Trump attorney Clifford Robert described James’ suggestion Wednesday that Trump secure multiple smaller bonds or hand over property to the court as “illogical,” “unconstitutional,” “impractical,” and “unjust.”

“Perhaps worst of all, the Attorney General argues that Defendants should be forced to dispose of iconic, multi-billion-dollar real-estate holdings in a ‘fire sale,'” Robert wrote in the letter.

Pushing back on the suggestion that Trump could hand over properties to the court, Robert said that the proposal was impractical and “functionally equivalent” to the Trump Organization’s court-appointed monitor.
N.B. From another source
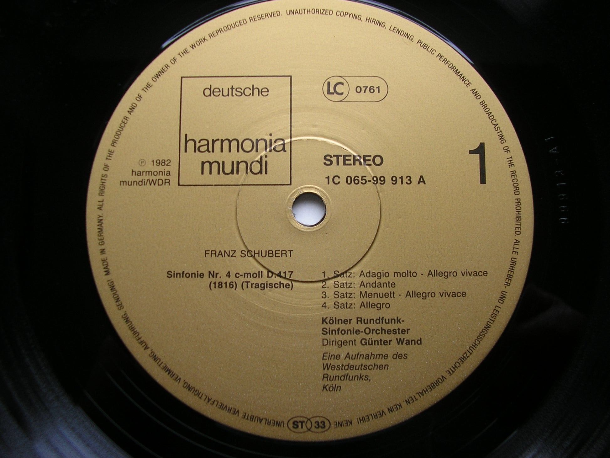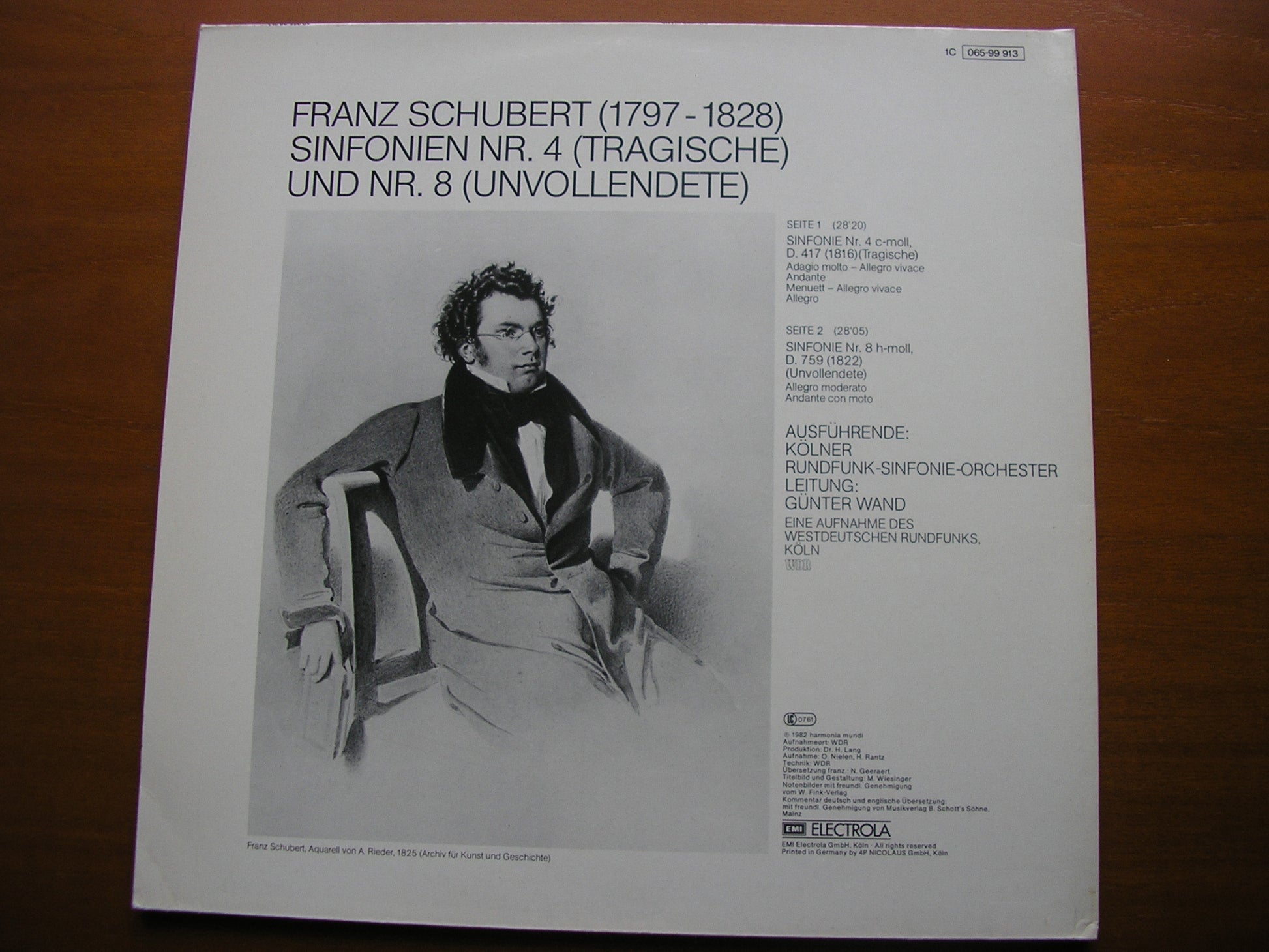065 99 913  SCHUBERT: SYMPHONIES Nos. 4 & 8      GUNTER WAND / COLOGNE RADIO SYMPHONY ORCHESTRA

He argued that James’ suggestion that Trump procure a series of smaller bonds would fail to resolve Trump’s current predicament because lenders are still unwilling to offer a bond using both cash and property as collateral.

“As explained in Defendants’ Affirmations, those separate bonds would still require a total collateralization of cash or cash equivalents in excess of $557 million, regardless of how many sureties were involved,” the letter said.

“It would be completely illogical — and the definition of an unconstitutional Excessive Fine and a Taking — to require Defendants to sell properties at all, and especially in a ‘fire sale,’ in order to be able to appeal the lawless Supreme Court judgment, as that would cause harm that cannot be repaired once the Defendants do win, as is overwhelmingly likely, on appeal,” Robert wrote on Thursday.

New York Judge Arthur Engoron in February ordered Trump to pay $464 million in disgorgement and pre-judgment interest after he found the former president and his adult sons liable for using “numerous acts of fraud and misrepresentation” to inflate his net worth in order to get more favorable loan terms. Trump has denied all wrongdoing and has appealed the decision in the case.

Earlier this week, Trump’s lawyers argued that the former president is unable to secure a bond for the judgment, having been rejected by over 30 insurance companies due to its size and his need to post properties as collateral.